Specifically with trackbacks, it is currently all or nothing and they are a spam concern. That said, the other idea about improving the declared post type supports functionality would address that issue.
- Currently, the pingback query is post_status-agnostic. Now, it's limited to
publish
. Could this have unintended consequences? In theory, only published posts should have_pingme
https://core.trac.wordpress.org/browser/tags/5.2.3/src/wp-includes/post.php#L6551 but I'd like others to weigh in.
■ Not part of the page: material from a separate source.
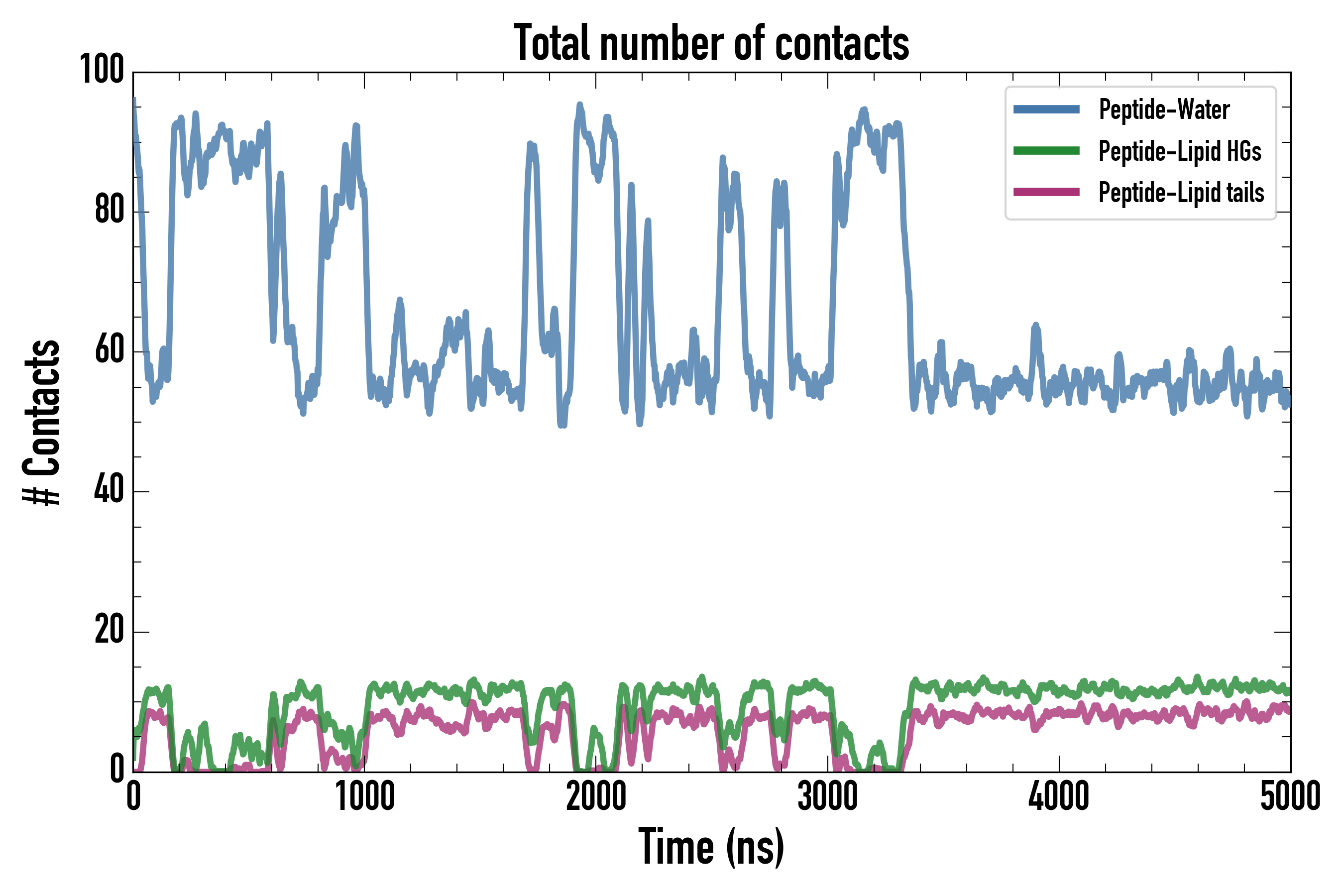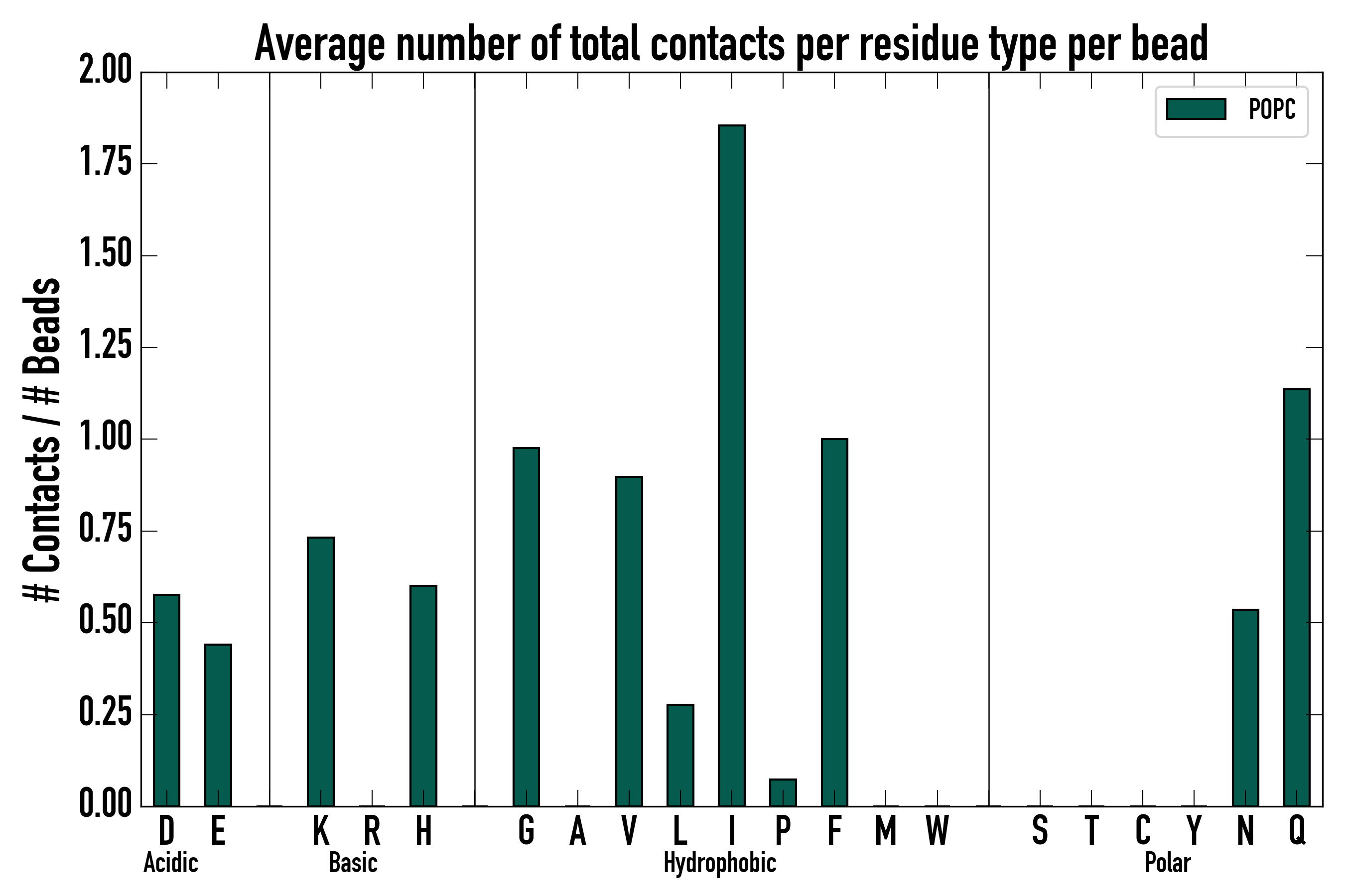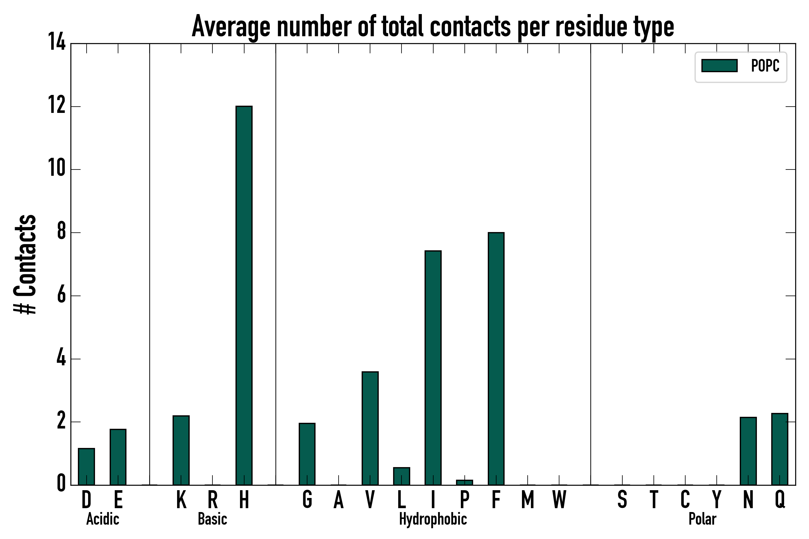 Number of contacts between each residue of the peptide backbone and the different lipid types, averaged over the last microsecond and using a cut-off of 0.6 nm.

It can't have unintended consequences because pingbacks require verification. So the remote site is required to check that it is being linked to. If the post isn't published, it won't be able to retrieve it.
#56
in reply to:
↑ 53
@
5 years ago
Replying to boonebgorges:
36824-enclosures.diff includes only the changes to enclosures. Questions for feedback:
- I've removed some of the miscellaneous changes to
do_enclose()
. These are generally OK but should be moved to different tickets.
- Similar to my concern 1 about pingbacks, I wonder if we should be querying all post types, rather than limiting to those that are
publicly_queryable
.
Here I would agree with you it should be all, as enclosures are a matter of identifying embedded media. Mostly used for RSS, you could in theory have a private RSS feed, for example.
#59
in reply to:
↑ 55
@
5 years ago
Replying to dshanske:
Specifically with trackbacks, it is currently all or nothing and they are a spam concern. That said, the other idea about improving the declared post type supports functionality would address that issue.
Thanks for this. This, and the discussion above, suggests to me that it's acceptable to err on the side of caution and look at all post types. post_type_supports()
improvements can be considered technically.
I believe it predates WP_Query. But a patch to change that for do_all_pings would likely be in order.